Kalbimin Çiçeğisin Annem…
Dikiş dikiyor annem. Sabahın ilk ışıklarında kalkmış. Yetişmesi gereken onca bayramlık entarinin arasına saklanmış elleri. Biraz sonra kalkacak iki çocuğunda aklı, bir de önünde akıp duran envai çiçekli kumaşların kolunu takmak, düğmesini dikmekle meşgul elleri. Dikiş makinesinin altından kayarken kumaşın teni, ansızın çıkıyor çiçekler dikiş iğnesinin ucundan, bahar coşkusu gibi doluşuyor hafif karanlık odanın içine. Dışarıda yağmur dinmemiş hala geceden. Kokusu geliyor çocuğun burnuna, oradan serinliği esiyor damlaların, anne ellerindeki çiçeklerin arasına. Bu rüya neredeyse yıllardır ara sıra hatırlatır kendini, büyük çocuğun uyku aralarında. Çiçeklerin çeşidini çözememekle birlikte, yağmurun sorgusuzca getirdiği, misk kokularıyla anımsanır, annenin emek verdiği kumaşların silueti.
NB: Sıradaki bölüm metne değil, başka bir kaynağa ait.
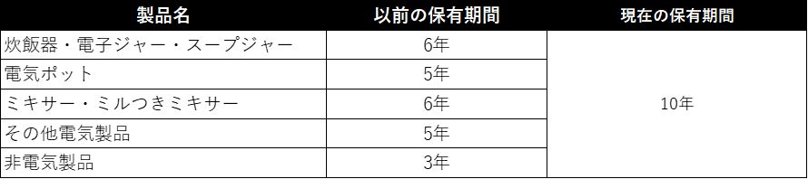 各製品の補修用性能部品の保有期間(業界水準)とタイガー魔法瓶の保有期間

Günün birinde, aniden kapanıyor çiçekler, susuyor dikiş makinesi ve dönüp bakıyor anne yeni başlayan yolun uçsuz bucaksız uzunluğuna. Yeni yolun başında öylece duruyor annem ve arkasında kalan önceki yolun sonunda babam. Yıllar geçtikçe silinmeyen bir görüntüde annemin sözleri hep kulağımda: “Bundan sonra hem anneniz hem de babanızım sizin. Üzülmek yok. Yılmak yok. Birlikte yürüyeceğiz bu yolda!”. Yolları yürümeden insan kestiremez ki, yaşamda karşılayacağı sürprizleri. Her tomurcuk da öyle değil midir? Açarken yapraklarını, yeni günün ışıklarına teslim eder kendini, bilinmezliğin ve fakat “kader” denilerek başlıklandırdığımız yaşamın, zaman denen akıp duran, dinmeyen yorulmayan sağaltımına. “Zaman her şeyin ilacı” demekle adımlandı yol. Günlerin, ayların, yılların kalbine ilerleyip durduk. Nice valizler topladık akan yıllarda, nice zeytinliler pişirdik “hasret”in adını anmadan ve fakat hep bilerek bizimle olduğunu. Ankara’dan Girne’ye gelişlerde hep çiçek dolmasını pişirir, annem. Tabaklarımıza koyarken ve sorarken “yanına yoğurt da istesiniz?” bilirim içindeki özlemini. Hiç belli etmez hüzünlerini.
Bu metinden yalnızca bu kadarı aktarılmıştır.